She glares at the camera. “I like this jumper. It’s cheerful.”
“That had better be Molly bloody Hooper speaking. I may have to disown you, otherwise.”
“Not if I disown you first.” She slides down in her chair, hard plastic sharp against her shoulders. Her heels skid across the floor. “So. I decided to accept the Levent account.”
He groans. “Dull.”
“Not every job can be a rooftop assassination of a member of the House of Lords, Jim. We do have bills to pay.”
“It was a close range poison dart,” Jim says peevishly, “and you know it.”
“If you’re going to be a baby about it, I’ll run the job by myself. I should be able to manage it without any face-to-face.” She gives the camera a wide-eyed, openly manipulative look. “Though it is your favourite time of year in Istanbul.”

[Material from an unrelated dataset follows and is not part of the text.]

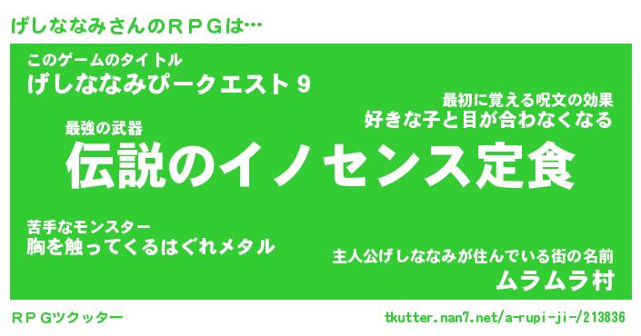 | 胡散臭い通販商品みたいなあだ名 | 『モテモテ間違いなし霊験あらたかなお札…その名も「げしななみ」』 |

It’s always a risk, pushing him like this. As well as she knows him, Jim’s mind remains a remote, labyrinthine thing, broken in beautiful, often arbitrary ways, and she can never predict his reactions with any real certainty. She never knows what he’ll do when she pushes too far.
It may be one of her favourite things about him.
She waits in expectant silence until he sighs into her ear. The connection crackles. “I suppose I could make a small detour on my way home. If I must.”
“You’re a star. I’ll send you the details after my shift.” She reaches up and tugs at the limp length of her ponytail. Rubs the grit of exhaustion from her eyes. “I have to get back. How do I look?”
“Like the Angel of Death in pink knit.”
“Just your type, then.” She gives the security camera a little wave. “Say goodnight, dear.”
“Goodnight, dear,” Jim repeats, obedient, the edge of a smile in his voice. She’s about to snap her mobile shut when he says in a sweet, high sing-song, “You know, Molly darling, I’ve been gone for nearly a fortnight and you haven’t told me once that you miss me.”
She stills in her seat. Her fingers are clenched around the armrest; she relaxes them, deliberately. “I do miss you,” she says, her voice steady. “Of course I do.”
“You didn’t say it.”
“I didn’t know I needed to.” She closes her eyes. The camera is still fixed on her face. “Jim-”
“A man likes to hear these things. He likes to know he’s appreciated.” His voice lowers. “Do you appreciate me, Molly?”
“I’m not playing this game with you,” she says, through her teeth. “If you want to frighten someone-”
“But I don’t want someone, Molly my love. I want you.” He hums low into her ear, the sound intimate and undeniably physical, and she flinches.
It’s a small enough tell, but she knows he’s seen it. He laughs, and her fingers curl into fists.
“Seems you are playing my game after all,” he says, and the line goes dead.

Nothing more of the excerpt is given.